When saving a string in memory, let's say "ABC" in address 0x100 how the memory should look like:
0x100 - A 0x101 - B 0x102 - C
0x100 - C 0x101 - B 0x102 - A
For 1, I have no special knowledge about the original design of x86, but I suspect that the reason we don't have cmp %reg, $imm
is because of the relationship between cmp
and sub
. The instruction cmp $imm, %reg
behaves exactly like sub $imm, %reg
, with the one exception that for cmp
the result of the subtraction is not written to the destination %reg
, but instead is discarded. But the result of the subtraction is still computed internally by the CPU and used to set the flags. (At least this is true conceptually, and early CPUs almost certainly did the full subtraction; modern CPUs might have some optimizations that I don't know about.)
So this means that cmp
could be implemented nearly for free once you had sub
. You could use almost exactly the same circuitry and/or microcode. But you still have to decode the instruction, and so they made this easy as well by giving cmp
almost the same encodings as sub
, differing only in one bit.

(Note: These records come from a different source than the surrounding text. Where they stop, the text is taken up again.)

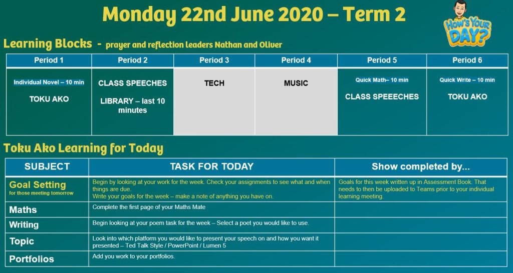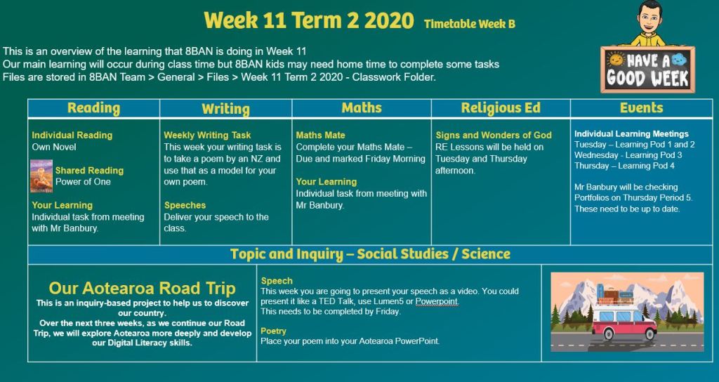 Each week I provide an overarching plan for students around our learning for the week. I have found that students need a couple of generic tasks for the students across the week. Often these are collaborative tasks. This week it is a piece of poetry (based on the writings of a NZ poet) and taking their speech and making it into a video using Lumen5. This plan is given to students via Microsoft Teams on Monday.
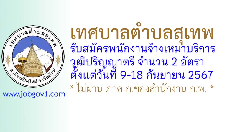 เทศบาลตำบลสุเทพ รับสมัครพนักงานจ้างเหมาบริการ 2 อัตรา ตั้งแต่วันที่ 9-18 กันยายน 2567
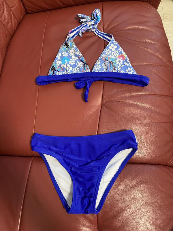 На тілі немає, заміри на фото)звичайні трусики,бюстгальтер одягається на шию і ззаду регулюється шнурівкою до потрібного розміру,колір яскравий)підійде на 5-7 років) орієнтуйтеся по замірах) З нюансів,на трусиках зрізаний поясок так як зламався і тріскаються гумки,на вигляд і купання не впливає,продається так як є без повернення і притензій)
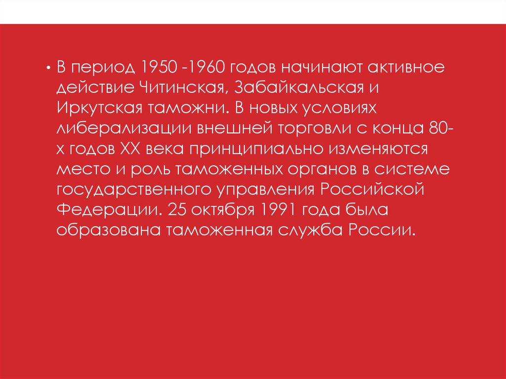 • В период 1950 -1960 годов начинают активноедействие Читинская, Забайкальская и
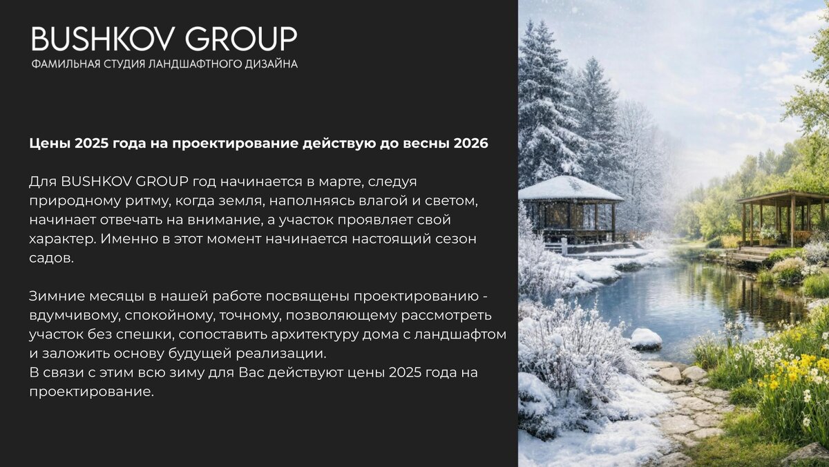 Мы поздравляем Вас с наступившим Новым годом и хотим поделиться тем, как именно он начинается для BUSHKOV GROUP. Для BUSHKOV GROUP год начинается в марте, следуя природному ритму, когда земля, наполняясь влагой и светом, начинает отвечать на внимание, а участок проявляет свой характер. Именно в этот момент начинается настоящий сезон садов. Зима в нашей практике посвящена проектированию, требующему сосредоточенности, времени и внутренней тишины. В этот период формируются решения, учитывающие образ жизни будущих владельцев, характер места и логику развития сада на годы вперёд. Такой процесс рождается из вдумчивого анализа, наблюдений и диалога, позволяя создавать проекты с глубиной и устойчивостью. По этой причине всю зиму для Вас действуют цены 2025 года на проектирование. Для части наших заказчиков, планировавших проектирование в 2025 году и перенёсших работу на 2026, стоимость сохраняется до начала весны, поддерживая ранее принятые договорённости. Одновременно с этим для новых заказчи
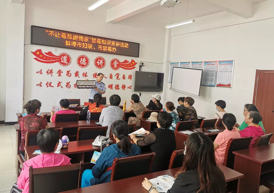 為迎接第35個(gè)國際禁毒日的到來,進(jìn)一步增強(qiáng)城市居民識(shí)毒、拒毒、防毒意識(shí)與能力,6月16日下午,蚌埠市婦聯(lián)邀請(qǐng)市公安局禁毒支隊(duì)大隊(duì)長、一級(jí)警長高峰深入禹會(huì)區(qū)緯四街道銀河社區(qū)開展“不讓毒品進(jìn)我家”禁毒宣傳知識(shí)專題講座。
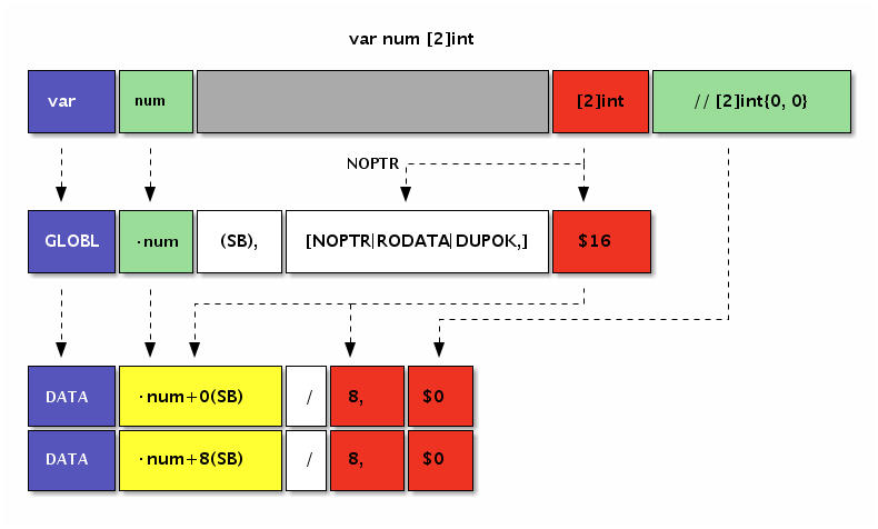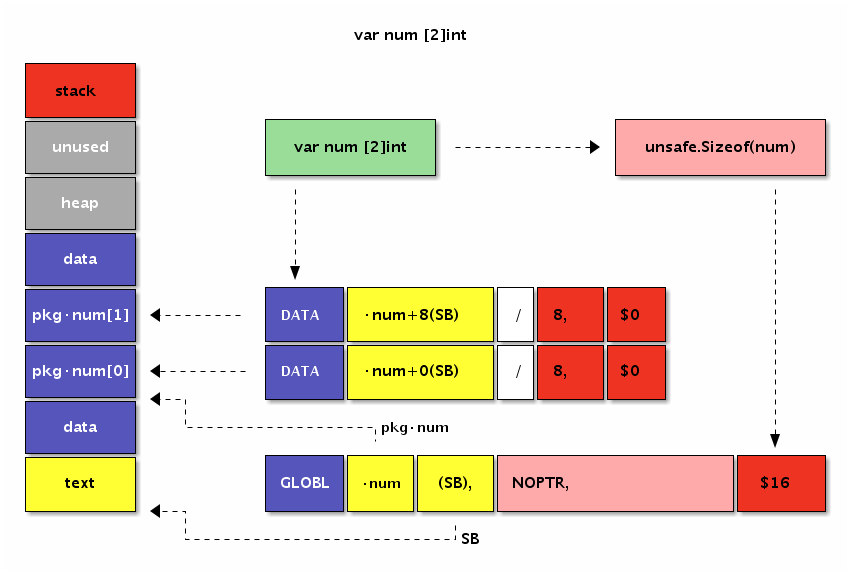 下面我们尝试用汇编定义一个 [2]int 类型的数组变量 num:
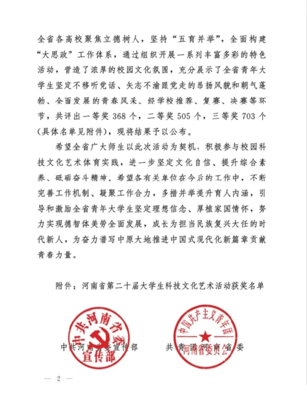 喜报 | 正妹av 在河南省第二十届大学生科技文化艺术节喜获佳绩 正妹av
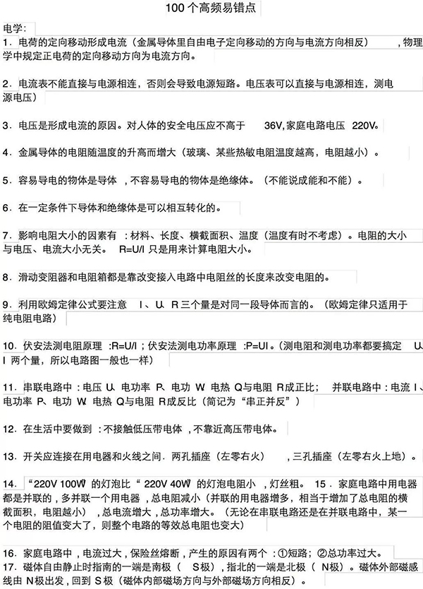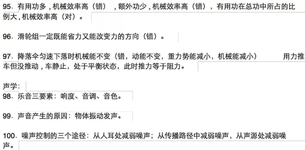 今天為大家分享一篇資深物理老教師的知識(shí)干貨,里面羅列了初中物理100個(gè)易錯(cuò)知識(shí)點(diǎn),覆蓋初中物理所有章節(jié),非常有用!大家考試前,可以多看幾遍!
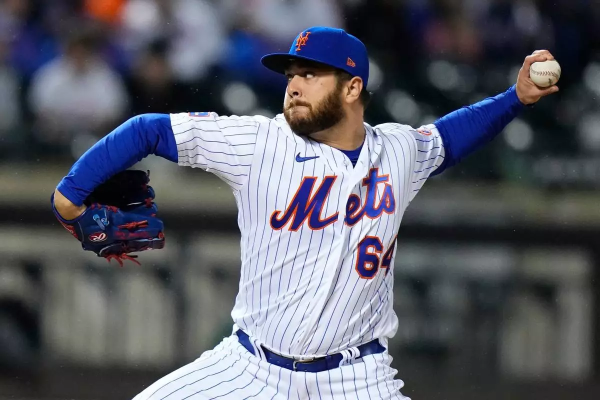 FILE - New York Mets' Anthony Kay (64) pitches during the ninth inning of a baseball game against the Miami MarlinsThursday, Sept. 28, 2023, in New York. (AP Photo/Frank Franklin II, File)

For instance, sub %reg, %reg/mem
is opcodes 28h/29h and cmp %reg, %reg/mem
is opcodes 38h/39h, differing only in bit 4. That one bit just signals the CPU whether to write the result to the destination operand or discard it.

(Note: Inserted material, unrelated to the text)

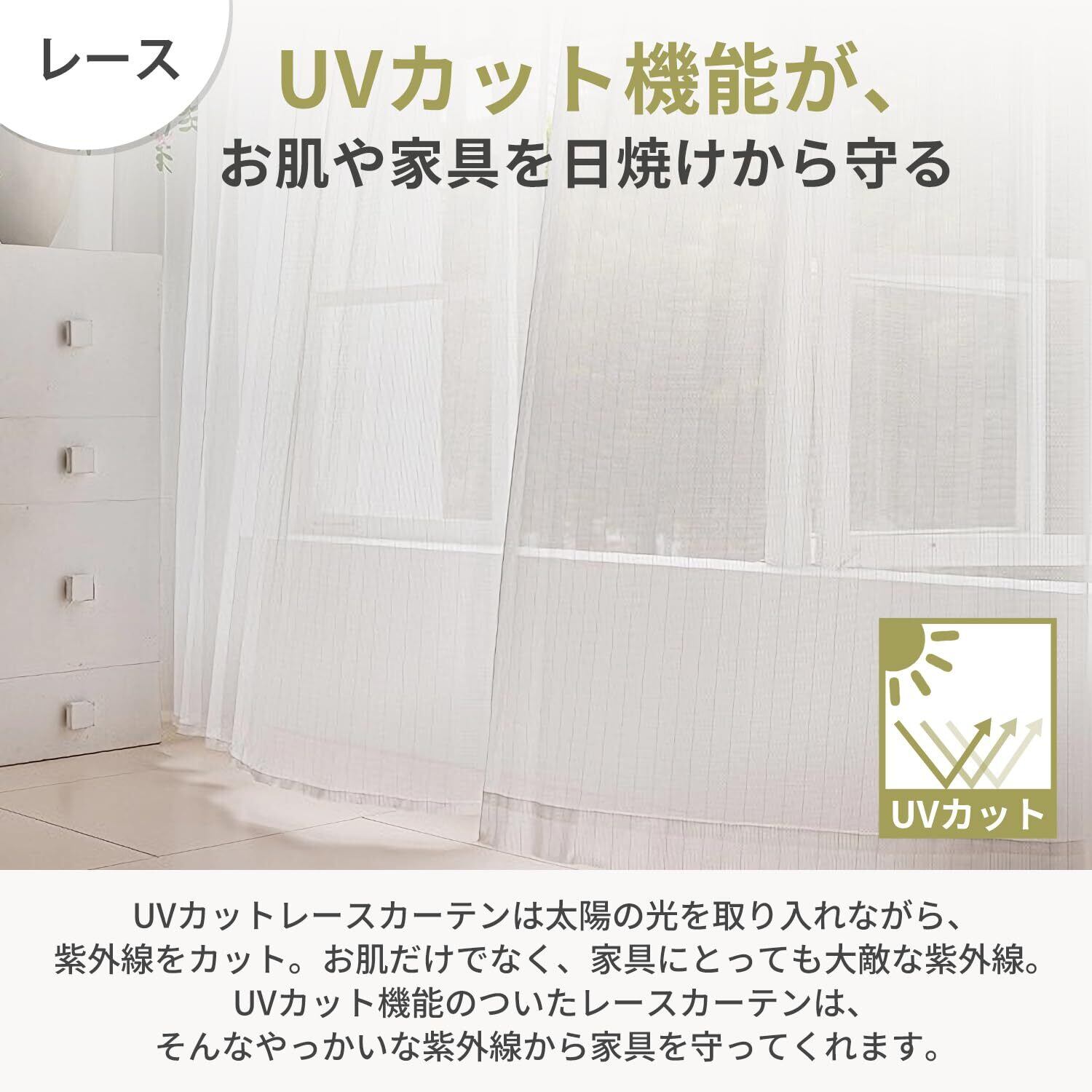 【プライバシー保護・UVカット】ミラーレースカーテンは、軽く透け感のある薄めの生地を採用し、外の景色を楽しみながら、プライバシーも保護してくれます。そして、UVカット機能がついて、太陽の光を取り入れながら、紫外線をカット。お肌や家具を日焼けから守ってくれます。

This made it natural to give cmp
exactly the same forms as sub
:
We have sub %reg, %reg
so there is cmp %reg, %reg
.
We have sub %reg, mem
so there is cmp %reg, mem
.
We have sub mem, %reg
so there is cmp mem, %reg
.
We have sub $imm, %reg
so there is cmp $imm, %reg
.
There is even a special short encoding of sub $imm, %al/%ax/%eax/%rax
which has a parallel cmp $imm, %al/%ax/%eax/%rax
.
But there is no encoding of sub %reg, $imm
because that would be nonsense, so cmp %reg, $imm
would have needed a new encoding that wouldn't be parallel to an existing one for sub
. The designers presumably decided not to waste decoding transistors and opcode space on creating one, because after all it wouldn't really provide any new functionality: cmp
is practically always used in conjunction with a conditional jump (or later, conditional set), and in that case you can always achieve the same thing by using cmp $imm, %reg
and reversing the test in the subsequent conditional jump/set.